The Gulf region is known to be the least eco-friendly part of the planet.

And the construction industry was proven to be one of the worst culprits in adding to its huge carbon footprint.

But now, coupled with the drive to create the tallest and largest structures in the world is a desire to prove that the region can lead the way in sustainable construction.

Already, the world's first building with integrated wind turbines - the Bahrain World Trade Center in Manama - is nearing completion.

And last month, the Abu Dhabi Future Energy Company revealed more about its plans to build the first zero-carbon city in the world.

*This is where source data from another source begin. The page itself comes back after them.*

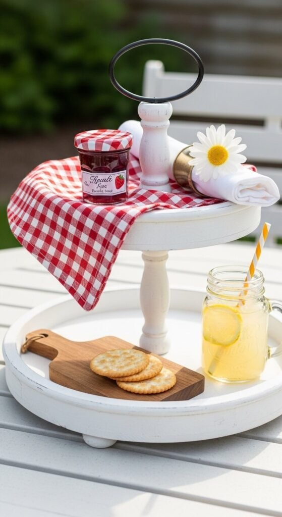 This setup captures that warm, picnic-afternoon energy. Drape a small gingham or checkered fabric piece across one tier. Add a mini mason jar of lemonade, a tiny jar of jam, and a small wooden board with crackers. Tuck a fresh daisy into a napkin ring. This tray tells a story — sunshine, good food, and slow afternoons. It works on a back patio or kitchen island beautifully. You likely already have most of these items in your kitchen. No shopping required.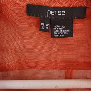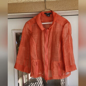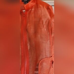 Per Se Orange coral Sheer Silk Structured textured linear Jacket Zip Up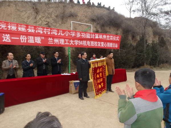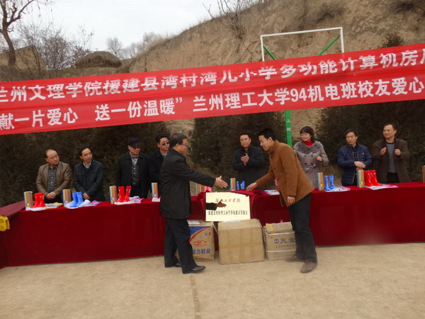 仪式上,郑校长首先为学校援建湾儿小学的多功能机房揭牌,与会领导及嘉宾为学生代表赠送由兰州理工大学94机电班校友捐赠的雨衣、雨鞋及暖水杯。接着,郑校长语重心长的勉励所有在场的学生珍稀学习时光,好好学习,通过学习改变农村面貌,同时鼓励在场的所有村民,要借政府“1+17”的扶贫政策,转变思想,大力发展特色种植业,在苹果、花椒等经济型林果业上做文章,早日实现脱贫致富。学校双联干部驻村帮扶工作队队长王栋代表兰州理工大学94机电班校友向在场的学生及家长表达了此次爱心捐赠的目的及意义,并勉励孩子们要通过努力学习来回报社会对他们的关爱之心。最后,湾儿小学校长李春晖讲话,代表学校、家长及学生,向Beat365唯一官方网站、兰州理工大学94机电班爱心人士表示衷心的感谢,同时也感谢我省的“双联”及精准扶贫政策,感谢Beat365对湾儿小学各项事业的大力支持。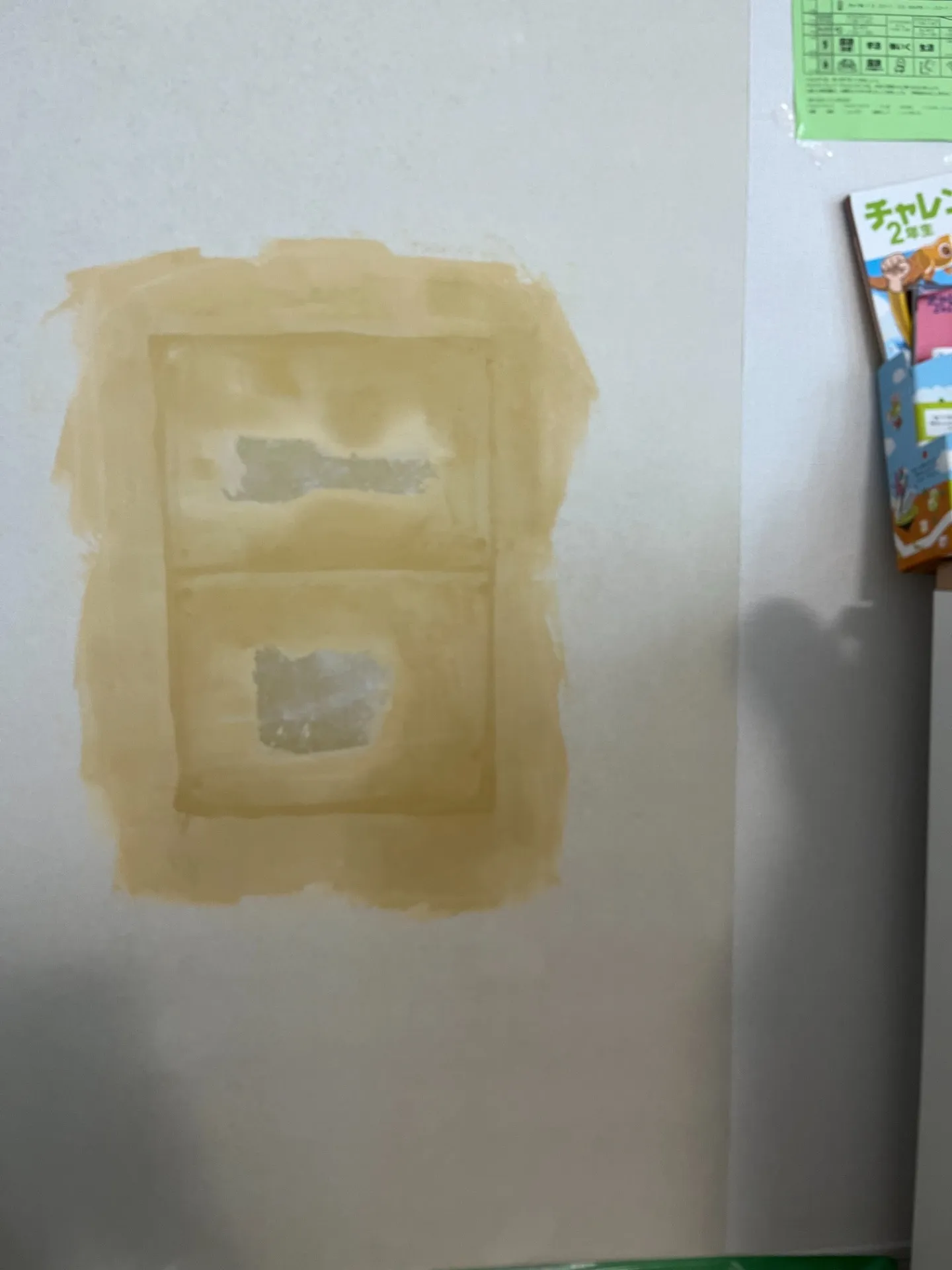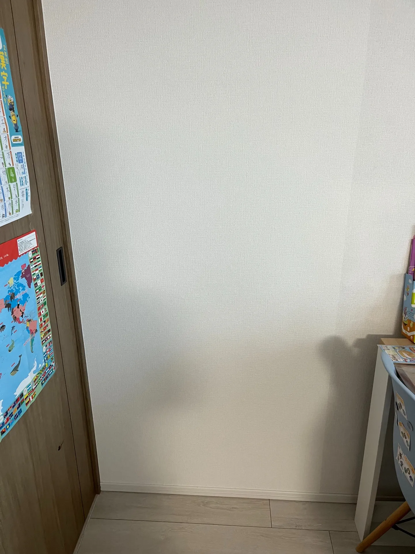 同じ壁紙は廃版になっているため、似た物を一枚分だけ貼る事になりました。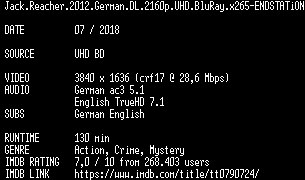 | FiLENAME: | Jack.Reacher.2012.German.DL.2160p.UHD.BluRay.x265-ENDSTATiON.mkv |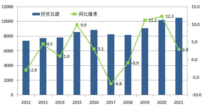 圖17 2012~2021年全國(guó)電力投資總量及增速情況(單位:億元,%)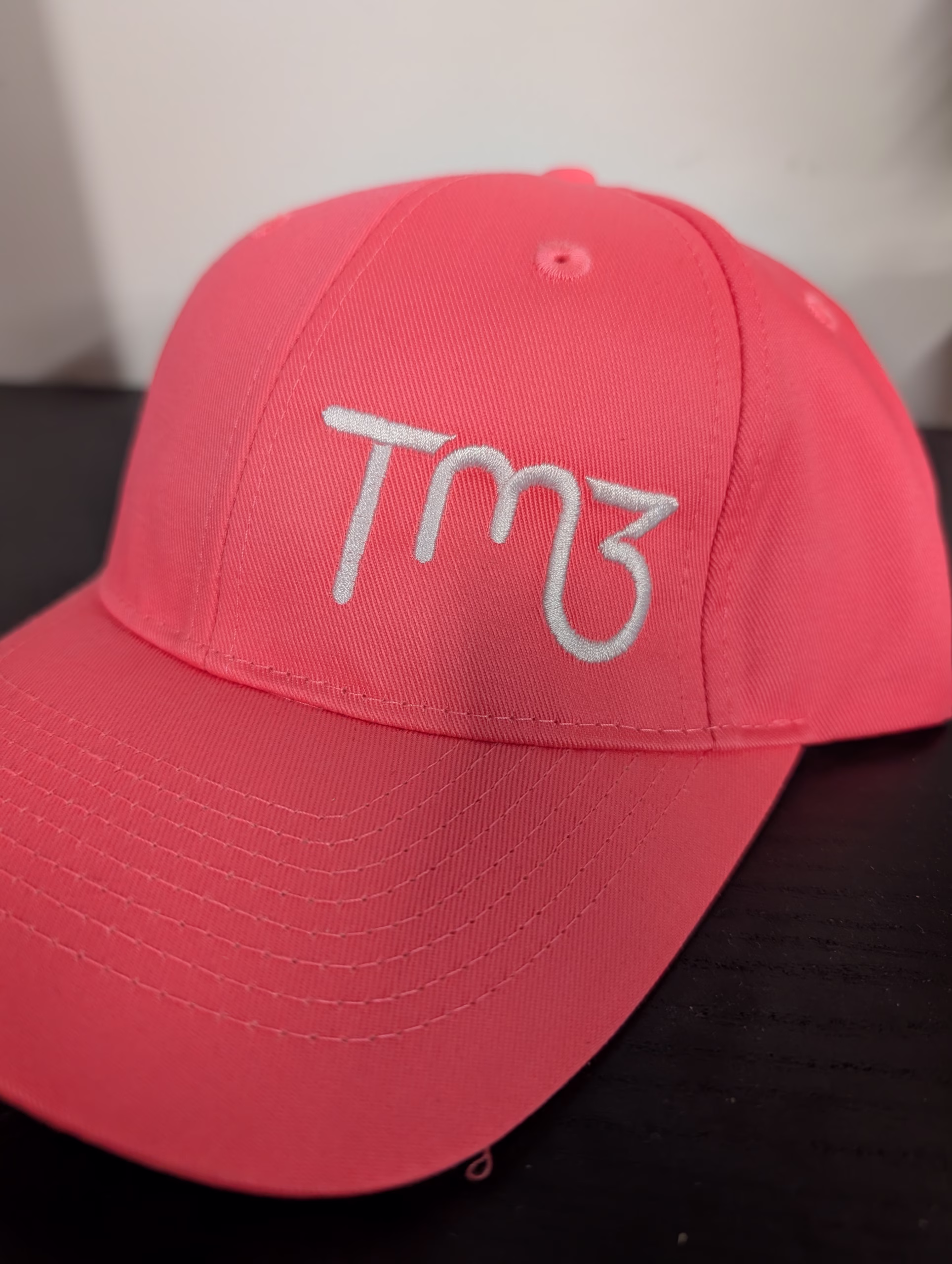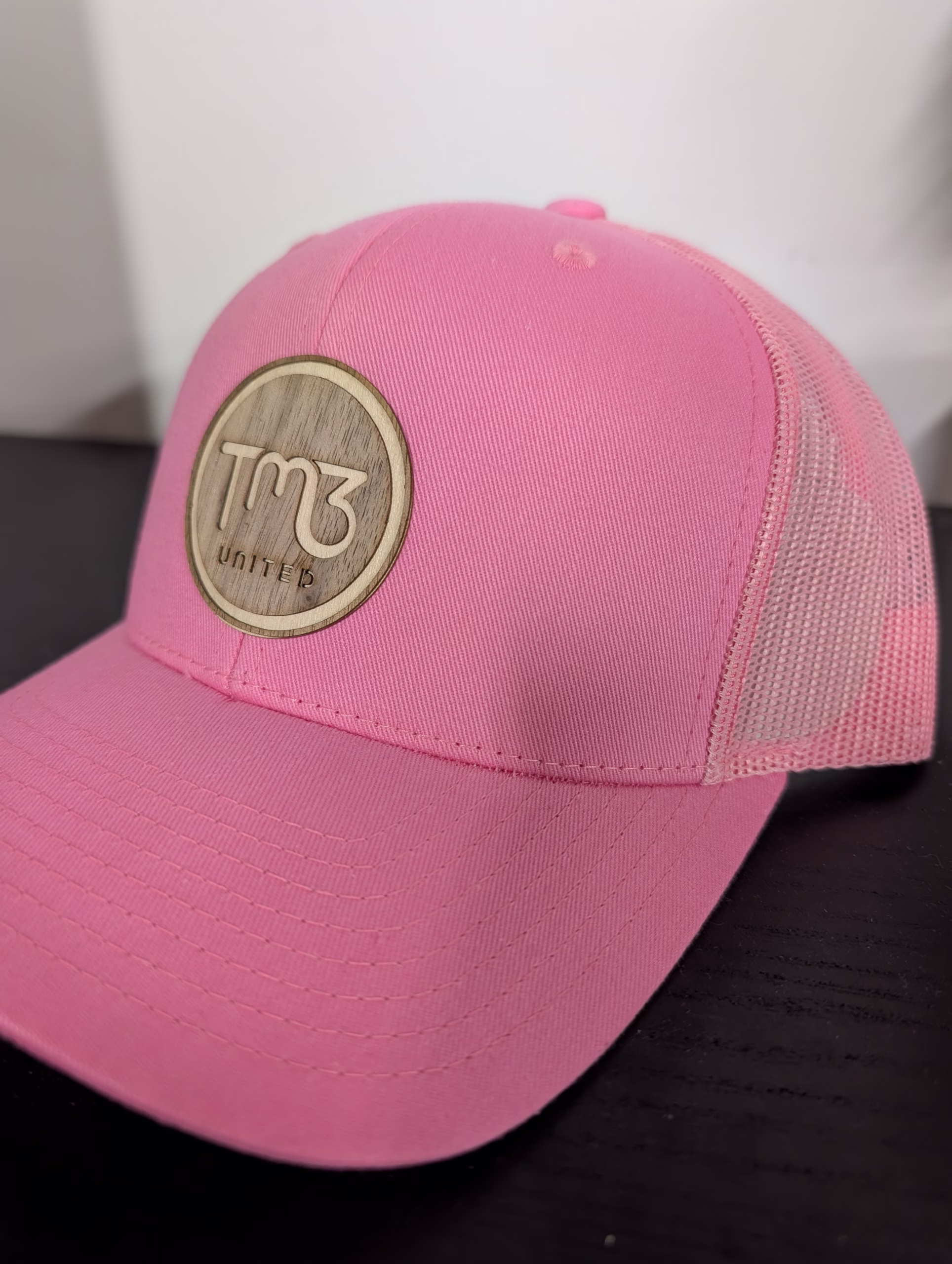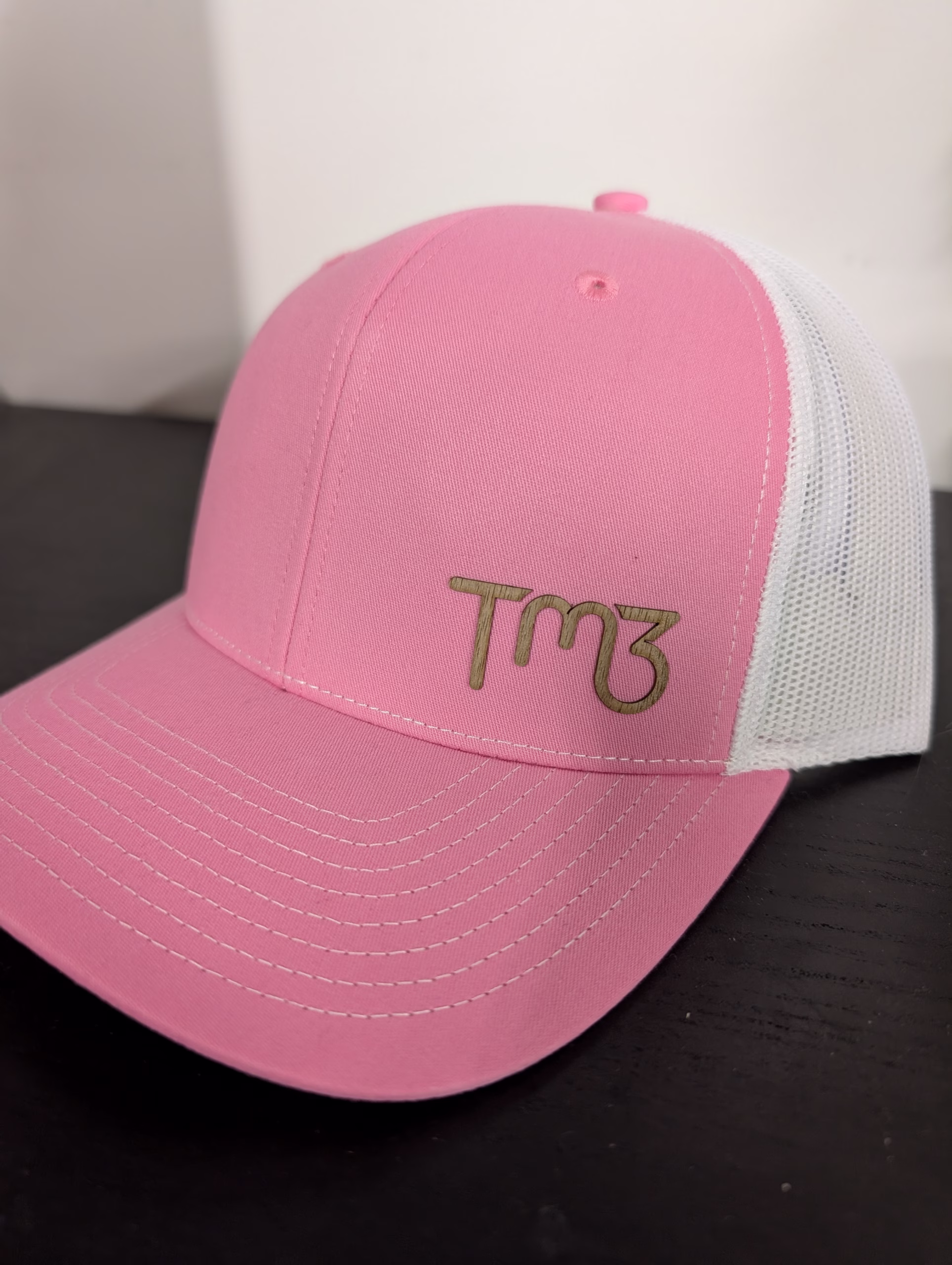 Pink and White Hat with Wooden TM3 – Left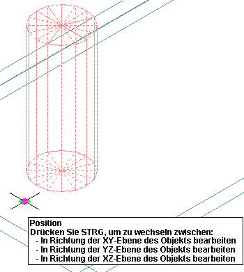 Positionieren Sie einen vorhandenen MV-Block neu, indem Sie die Koordinaten des zugehörigen Einfügepunkts ändern. In der Modellansicht stehen für den Positionsgriff drei Änderungsmöglichkeiten zur Verfügung: Entlang der XY-Ebene bearbeiten, Entlang der XZ-Ebene bearbeiten und Entlang der ZX-Ebene bearbeiten. Drücken Sie die STRG-Taste, um die Modi nacheinander durchzugehen und zum gewünschten Modus zu gelangen. Die Vorgabe ist der Modus Entlang der XY-Ebene bearbeiten. In der Draufsicht ist die Bewegung des Positionsgriffs auf eine Ebene beschränkt.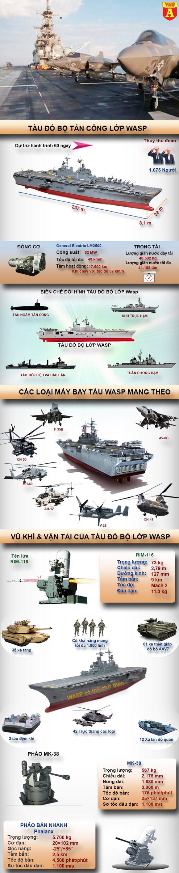 Vietbf.com - Mỹ đă quyết định điều tàu đổ bộ tấn công lớp Wasp tới bán đảo Triều Tiên, sau khi B́nh Nhưỡng thử hạt nhân thành công, v́ tàu đốc đổ bộ chở trực thăng LHD (Landing Helicopter Dock) lớp Wasp được Hải quân Mỹ thiết kế dựa trên cơ sở tàu đổ bộ tấn công Tarawa thế hệ trước với nhiều cải tiến để tăng khả năng hoạt động của máy bay cũng như năng lực chuyên chở.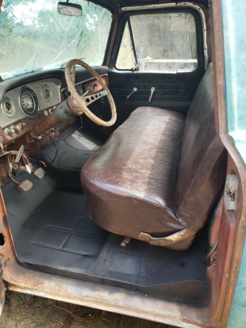 1966 Ford F100 project. new floor pans, new seat covering and foam. Typical rust thru in bed, the rest of the truck is pretty solid. Engine is a 390 FE v8 from a 64/65 Thunderbird. The engine is not stuck and will probably run but will most likely need to be rebuilt. Comes with carburetor, engine bay wiring harness, new brake lines and hoses (not installed). Missing radiator, and front turn signals.Rear brakes have new lines installed, new wheel cylinders, new shoes and spring kits. clean title in my name.

The US $15 billion (AED55 billion) Masdar City, designed by Lord Norman Foster, will make use of solar power to provide much of the city's energy.

And in Dubai, His Highness Sheikh Mohammed bin Rashid Al Maktoum, Vice President and Prime Minister of the UAE and Ruler of Dubai, has said that all new buildings must be sustainable.

As developers announce their latest ground-breaking projects, more and more of them are keen to boast that the building will have Leadership in Energy and Environmental Design (LEED) status.

But what are the actual processes that architects, developers, consultants and contractors need to go through to make their buildings more green?

One of the leaders in the region in promoting the concept is Atkins.

The company has worked on some of the best-known projects in the region, including the Burj Al Arab and the Bahrain World Trade Center.

Richard Smith, technical director, Atkins, believes that the process of green building requires four stages.

He says these are passive design; improved engineering; recovery strategy and the use of renewables.

Passive design means creating the building in the virtual world. It involves generating a computer model of the building to create better orientation and insulation.

In conjunction with these state-of-the-art techniques, architects are finding inspiration from buildings from the past.

Before the advent of air-conditioning and artificial heating, constructing buildings with thick walls was the only way of retaining heat.

But now designers are endorsing the creation of more ‘gothic' styles of buildings to save energy.